*** Data supplied ***
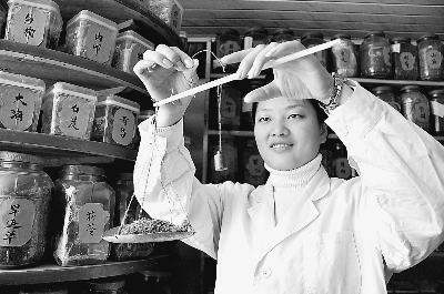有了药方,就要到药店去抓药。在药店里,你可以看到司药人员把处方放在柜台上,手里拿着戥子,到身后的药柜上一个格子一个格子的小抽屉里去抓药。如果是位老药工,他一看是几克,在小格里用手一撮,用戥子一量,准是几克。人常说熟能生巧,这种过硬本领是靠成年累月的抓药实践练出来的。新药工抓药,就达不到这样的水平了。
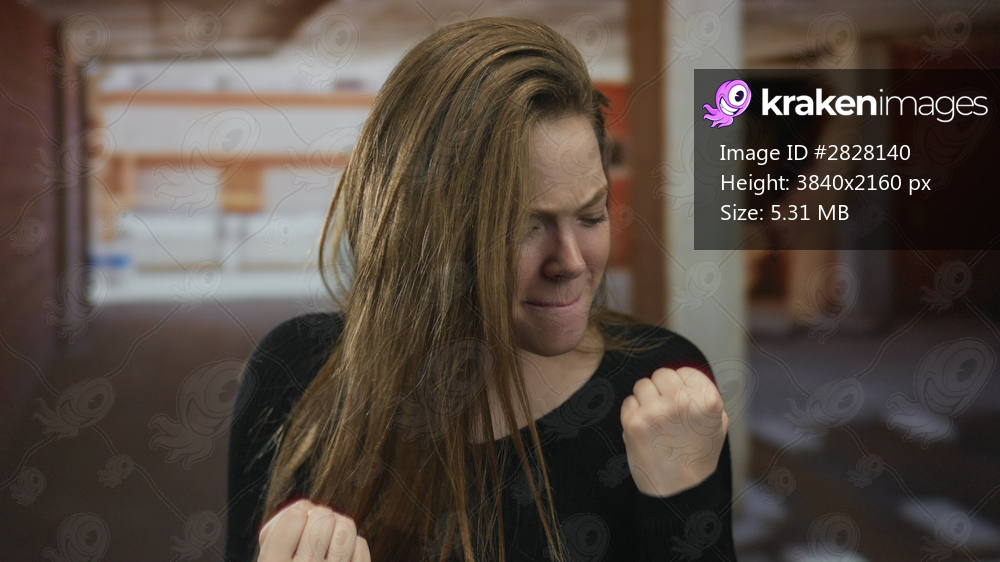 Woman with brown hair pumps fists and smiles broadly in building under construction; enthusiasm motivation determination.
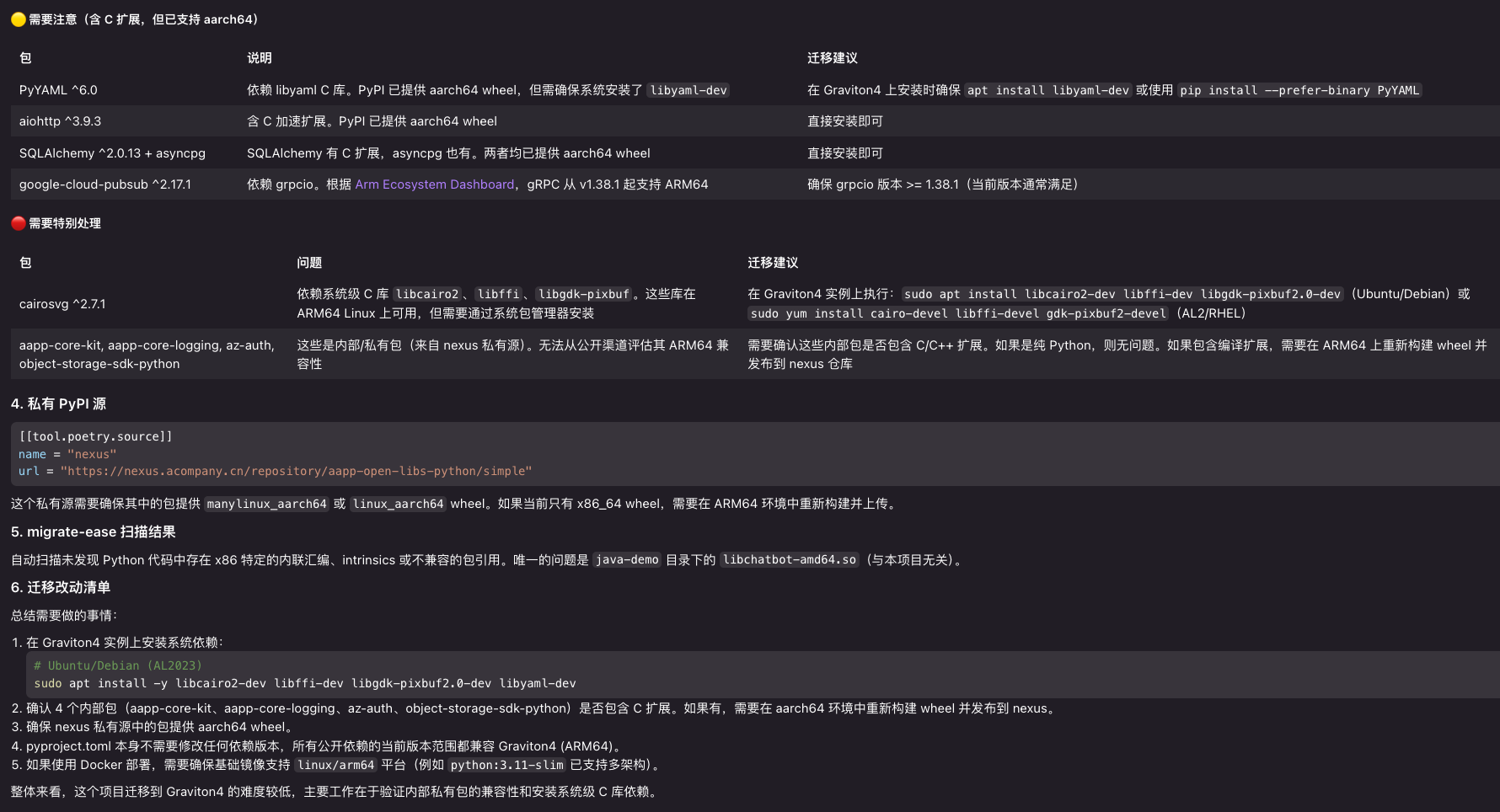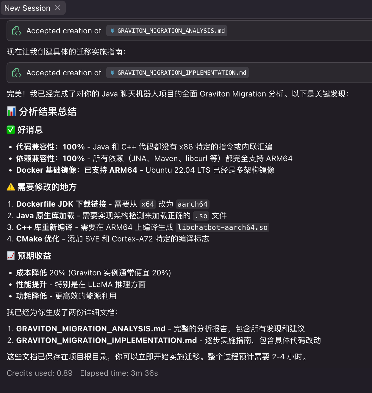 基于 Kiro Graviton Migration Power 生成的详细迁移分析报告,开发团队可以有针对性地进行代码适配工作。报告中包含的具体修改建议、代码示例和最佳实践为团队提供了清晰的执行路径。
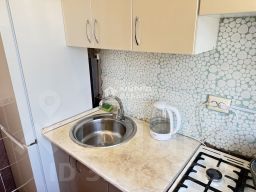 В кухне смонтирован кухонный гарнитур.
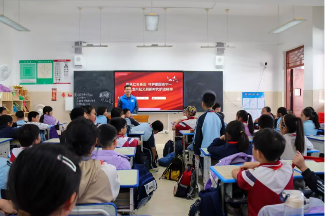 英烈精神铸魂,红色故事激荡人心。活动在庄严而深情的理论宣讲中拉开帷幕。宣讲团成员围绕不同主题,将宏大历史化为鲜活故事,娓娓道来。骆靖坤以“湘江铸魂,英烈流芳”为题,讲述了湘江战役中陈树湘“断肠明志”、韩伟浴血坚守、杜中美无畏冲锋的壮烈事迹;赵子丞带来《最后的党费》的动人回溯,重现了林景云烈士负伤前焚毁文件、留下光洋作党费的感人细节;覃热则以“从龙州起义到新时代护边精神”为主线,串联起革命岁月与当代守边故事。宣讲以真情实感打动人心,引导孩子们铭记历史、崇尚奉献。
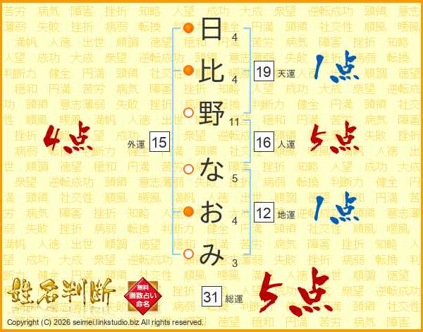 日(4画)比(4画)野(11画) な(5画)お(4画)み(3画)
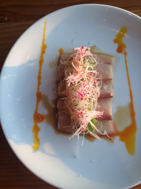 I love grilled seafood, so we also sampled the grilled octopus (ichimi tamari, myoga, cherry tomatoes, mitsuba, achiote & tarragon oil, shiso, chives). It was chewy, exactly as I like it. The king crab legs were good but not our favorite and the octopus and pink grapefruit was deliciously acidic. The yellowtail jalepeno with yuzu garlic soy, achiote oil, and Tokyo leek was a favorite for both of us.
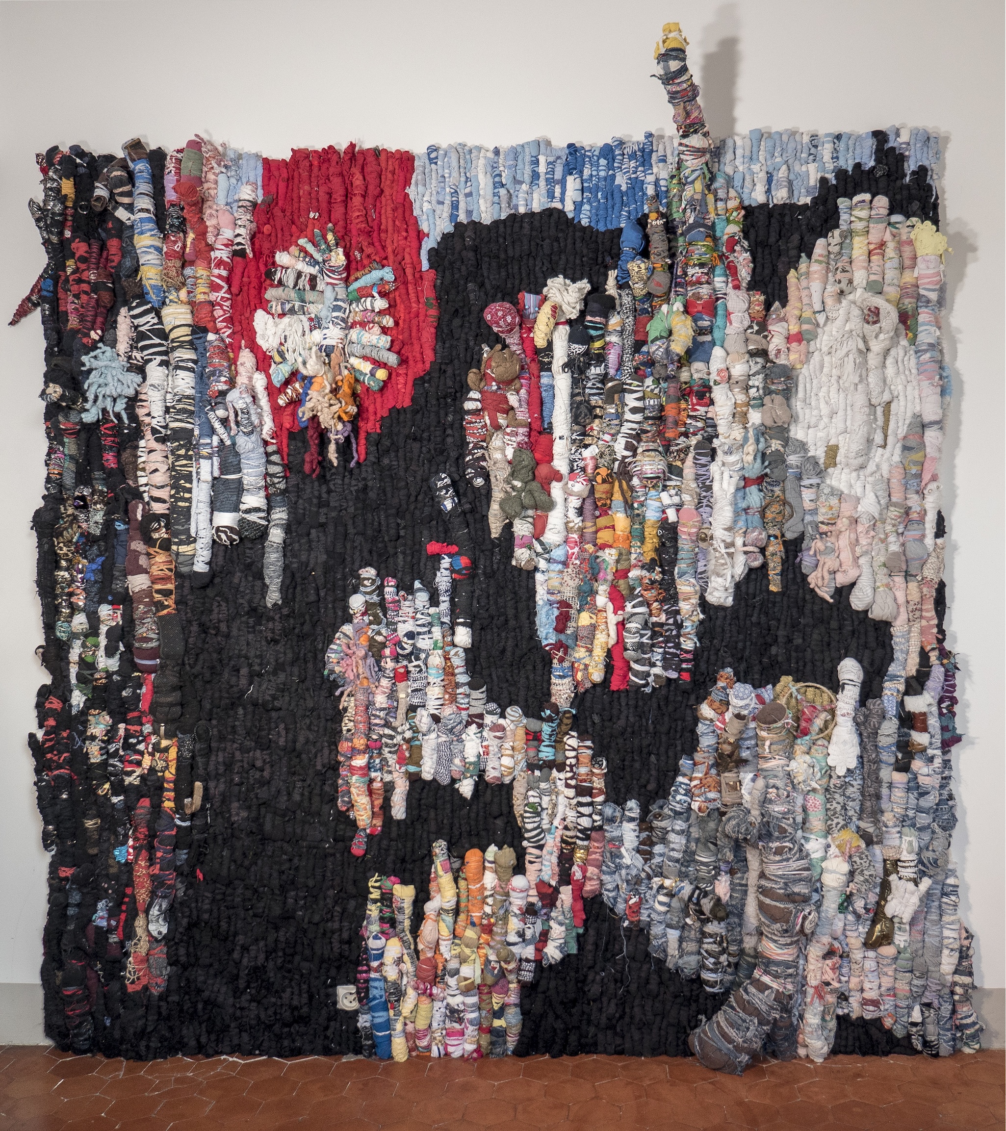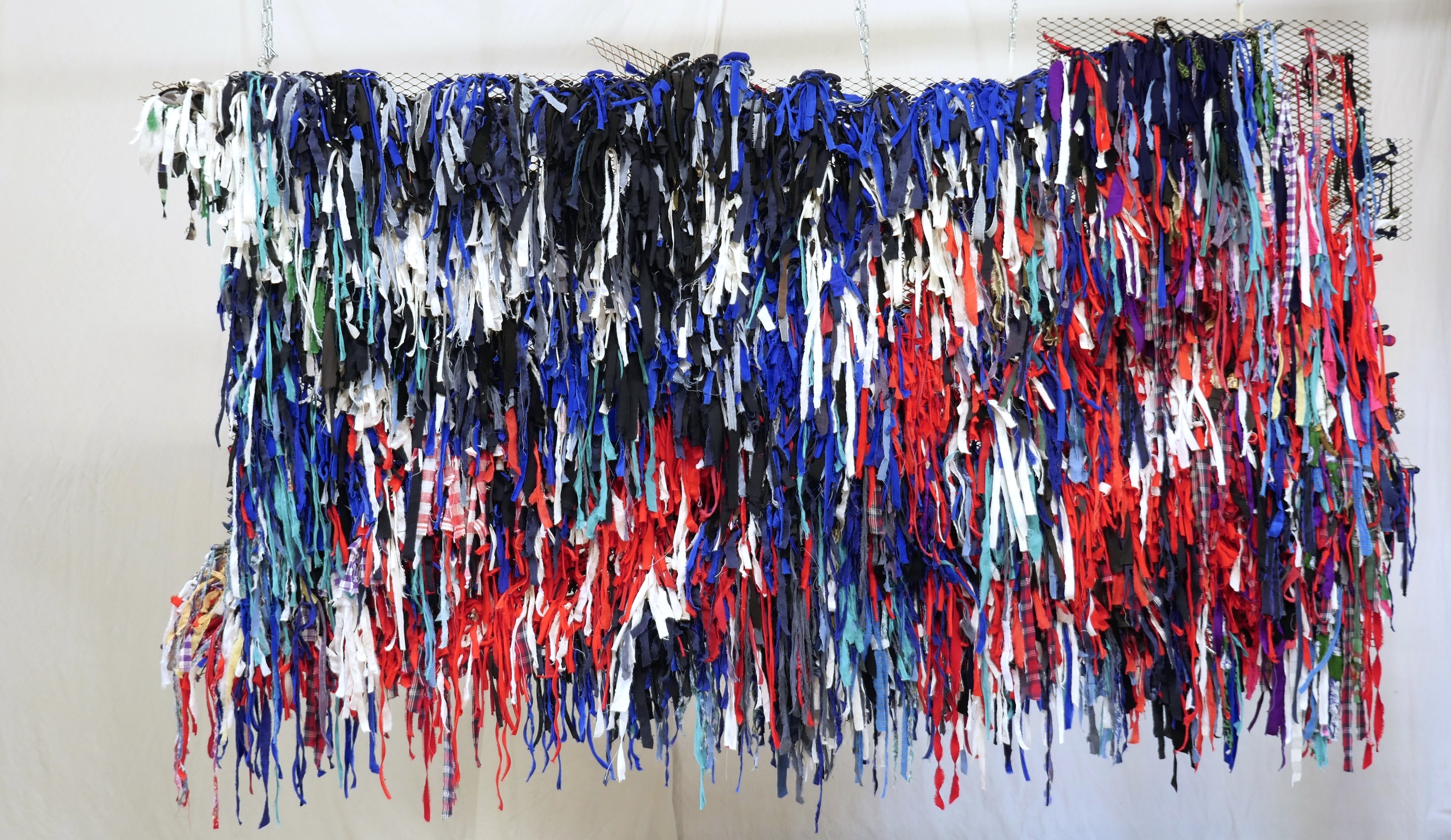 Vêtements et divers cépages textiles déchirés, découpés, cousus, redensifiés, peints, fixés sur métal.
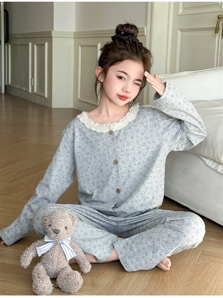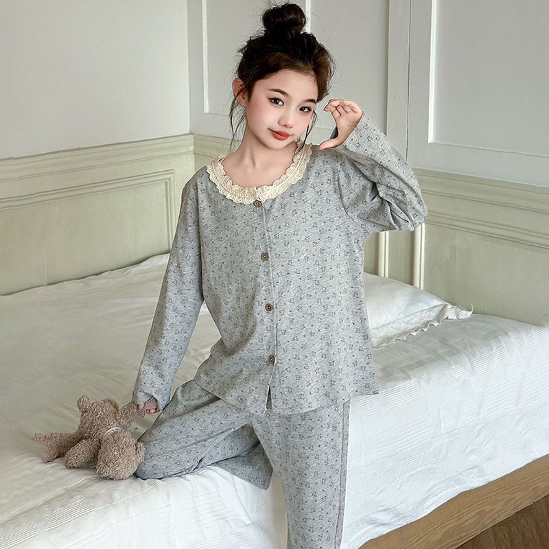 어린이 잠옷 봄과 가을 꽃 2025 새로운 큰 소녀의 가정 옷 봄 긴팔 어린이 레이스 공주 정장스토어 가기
*** End of Data supplied ***
**The task**
Once the line containing "日(4画)比(4画)野(11画) な(5画)お(4画)み(3画)" is found, copy it and each line after it through the end of the entries above exactly; nothing else, and no pictures.

**Exercise result**
 日(4画)比(4画)野(11画) な(5画)お(4画)み(3画)
 I love grilled seafood, so we also sampled the grilled octopus (ichimi tamari, myoga, cherry tomatoes, mitsuba, achiote & tarragon oil, shiso, chives). It was chewy, exactly as I like it. The king crab legs were good but not our favorite and the octopus and pink grapefruit was deliciously acidic. The yellowtail jalepeno with yuzu garlic soy, achiote oil, and Tokyo leek was a favorite for both of us.
 Vêtements et divers cépages textiles déchirés, découpés, cousus, redensifiés, peints, fixés sur métal.
 어린이 잠옷 봄과 가을 꽃 2025 새로운 큰 소녀의 가정 옷 봄 긴팔 어린이 레이스 공주 정장스토어 가기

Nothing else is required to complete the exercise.